You can see GitHub wrestling with the technical details and the best way to communicate around real or perceived instability. They have added a new “degraded performance” state, per-service uptime metrics, and clearer communication around model availability. They are separating things into three buckets now, degraded performance, partial outage, and major outage–with per service metrics determining these states.

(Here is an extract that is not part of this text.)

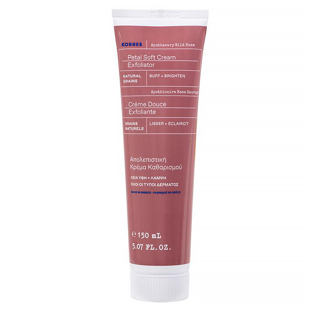 Ήπια απολεπιστική κρέμα καθαρισμού Korres Άγριο Τριαντάφυλλο που απομακρύνει νεκρά κύτταρα, ρύπους και λιπαρότητα χαρίζοντας απαλή και λαμπερή επιδερμίδα.
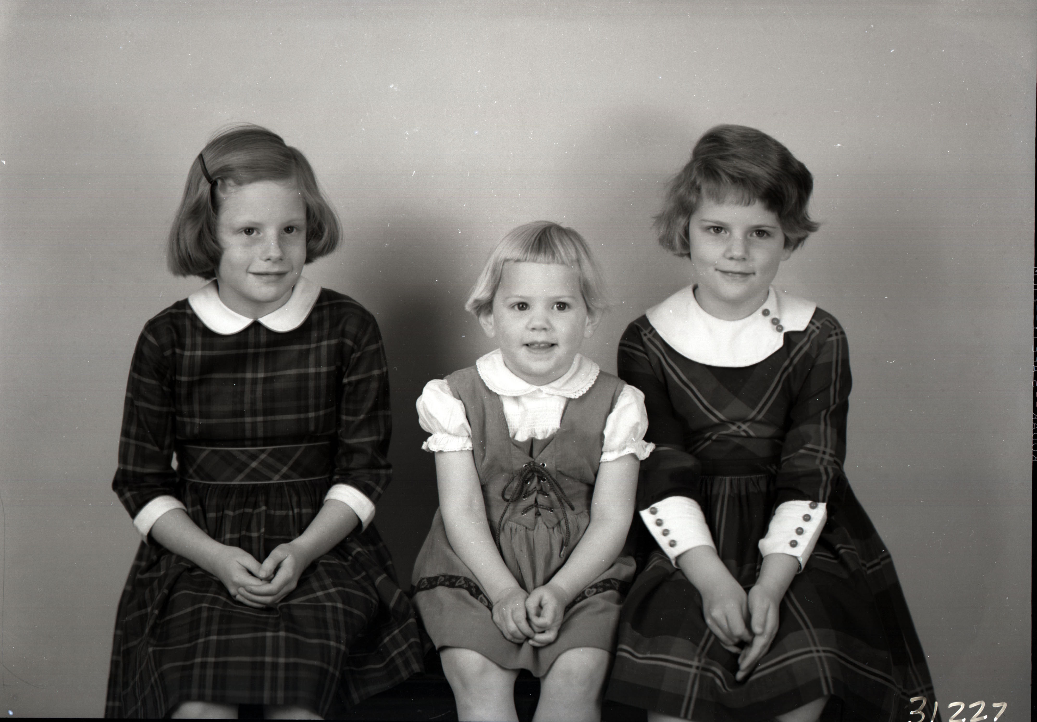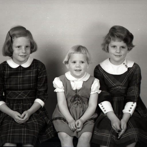 Three unidentified young girls of different ages are posed together.

The GitHub Status Page breaks things down by Git operations, Webhooks, API requests, issues, pull requests, actions, packages, pages, code spaces, and now copilot, which let’s you asses which part of the platform you care about being up or down, and separates the API from the platform. Each platform will have their own way of breaking things down, but I will be looking for what some of the common patterns are around what status pages report, what services they use, and the separation of API and the rest of the platform.

I’ll have to step back and do some thinking about the business and politics of this transparency from GitHub. What does the introduction of “degraded performance” do when it comes to service level agreements or other general expectations? I am curious to think more about what they might be getting ahead of here. But I don’t want to assume any ill intent behind their blog post. I just get nervous when I see “transparency” used, as I watch transparency pages evolve from something helpful to something that was used to split the business and political hairs in favor of platforms.

I just wanted to write about this so I have a timestamp in the blog, and it is something I can revisit and look at across other providers–then I will likely understand the bigger picture and how GitHub’s changes fit into things.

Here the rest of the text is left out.